The Data Context is configured via a yml file or directly in code. The configuration and managed Expectation Suites should be stored in version control.
Data Contexts manage connections to your data and compute resources, and support integration with execution frameworks ( such as Airflow, Nifi, dbt, or Dagster) to describe and produce batches of data ready for analysis. Those features enable fetching, validation, profiling, and documentation of your data in a way that is meaningful within your existing infrastructure and work environment.
Data Contexts also manage Expectation Suites. Expectation Suites combine multiple Expectation Configurations into an overall description of a dataset. Expectation Suites should have names corresponding to the kind of data they define, like “NPI” for National Provider Identifier data or “company.users” for a users table.
The Data Context also provides other services, such as storing and substituting evaluation parameters during validation. See Evaluation Parameter stores for more information.

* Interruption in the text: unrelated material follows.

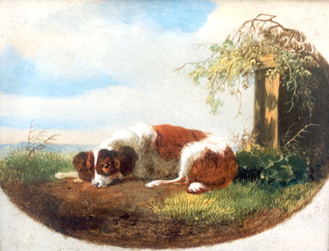 Albertus Verhoesen Kunstwerk • Gemälde • zuvor zu verkaufen A resting dog

Interactively testing configurations
Especially during the beginning of a Great Expecations project, it is often incredibly useful to rapidly iterate over
configurations of key Data Context components. The test_yaml_config
feature makes that easy.
test_yaml_config
is a convenience method for configuring the moving parts of a Great Expectations deployment. It
allows you to quickly test out configs for Datasources, Checkpoints, and each type of Store (ExpectationStores,
ValidationResultStores, and MetricsStores). For many deployments of Great Expectations, these components (plus
Expectations) are the only ones you'll need.
Here's a typical example:
config = """
class_name: Datasource
execution_engine:
class_name: PandasExecutionEngine
data_connectors:
my_data_connector:
class_name: InferredAssetFilesystemDataConnector
base_directory: {data_base_directory}
glob_directive: "*/*.csv"
default_regex:
pattern: (.+)/(.+)\\.csv
group_names:
- data_asset_name
- partition
"""
my_context.test_yaml_config(
config=config
)
Running test_yaml_config
will show some feedback on the configuration. The helpful output can include any result
from the "self check" of an artifact produced using that configuration.
Evaluation Parameter Stores
An Evaluation Parameter Store is a kind of Metric Store that makes it possible to build Expectation Suites that depend on values from other batches of data, such as ensuring that the number of rows in a downstream dataset equals the number of unique values from an upstream one. A Data Context can manage a store to facilitate that validation scenario.